Friday, March 5, 2010

Spring Break!

It's 1:30 AM and I just finished last-minute packing. Tomorrow, a few friends and I leave for New York City for 5 days of our spring break. I'm really looking forward to returning to the city for the second time in my life; the last time I was here was almost exactly 3 years ago when I came with my high school theatre department.

This time I'm traveling with a "local", so hopefully she'll have some interesting sights to show us. It should be a great week and I'll post some pictures when I get back!

NYC, here I come!

Tuesday, March 2, 2010

Senator Max Cleland

Today, my class met with a extraordinary individual at the headquarters of the American Battlefield Monuments Commission in Arlington, Virginia.

Max Cleland is a veteran who lost his leg and his arm in an explosion in Vietnam. He is a former U.S. Senator whose term spanned through Clinton's impeachment proceedings, 9/11, and the vote to give President Bush the authority to invade of Iraq (a vote that he said haunts him to this day). He was given the honor of introducing John Kerry at the Democratic Convention during the 2004 campaign. Last year he was appointed by President Obama to head of the American Battlefield Monuments Commission--the agency charged with caring for our battlefield cemeteries around the world.

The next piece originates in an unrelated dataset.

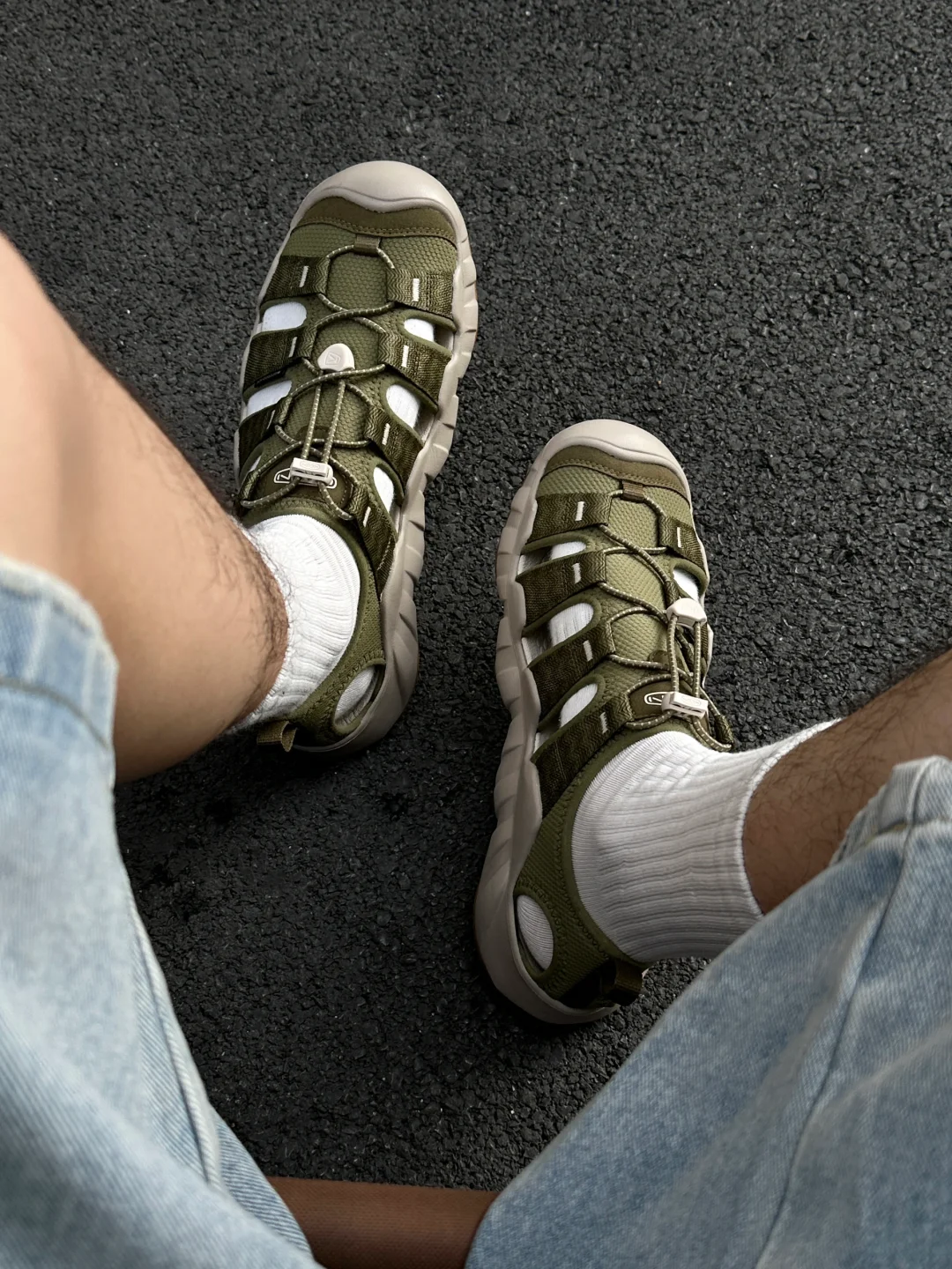 keen的这双hyperport比想象中更百搭一些 轻量化的设计让通勤更轻盈自在, 鞋身颇具先锋时尚感 马提尼橄榄绿搭灰褐色很高级, 为你的穿搭增添一抹亮色的选择 尤其是在夏天为你的双脚披上一层透气的柔软外衣

Craziest of all, he got his start as a participant in the Washington Semester Program--the same program I'm on--in the 1960s. He said he didn't have any direction when he went into the program at the age of 21. He had just changed his major for the third time and didn't have any idea what he wanted to do with his life. While he was here, though, he said he got the famous "Potomac Fever" and knew he wanted to go into public service.

While he was here on the program, his class got to go into President Kennedy's oval office and he was able to see the President's famous desk with the trap door. Then a week later, he was walking on the quad--the same quad I cross every day--when he heard the news that the President had been shot. He said that moment changed his life.

He told another story about the day, many years later, when he gave the speech introducing the man of the hour--then presidential-nominee John Kerry--at the Democratic Convention in the 2004 election. He wanted to look good for the television cameras so he went onstage without his glasses. Turns out, the teleprompter was set up so far out into the audience that he couldn't read "a damn thing" on it! It was lucky for him that he had spent the whole previous week practicing his speech.

It was a truly amazing and inspiring talk. He ended the hour by telling us all to "just go for it" in whatever we do. After all, we are in our 20's, and that's what this age is all about--taking risks and experiencing life. We have the rest of our lives to live with all the risks we take, whether they be bad or good, so we might as well just take them.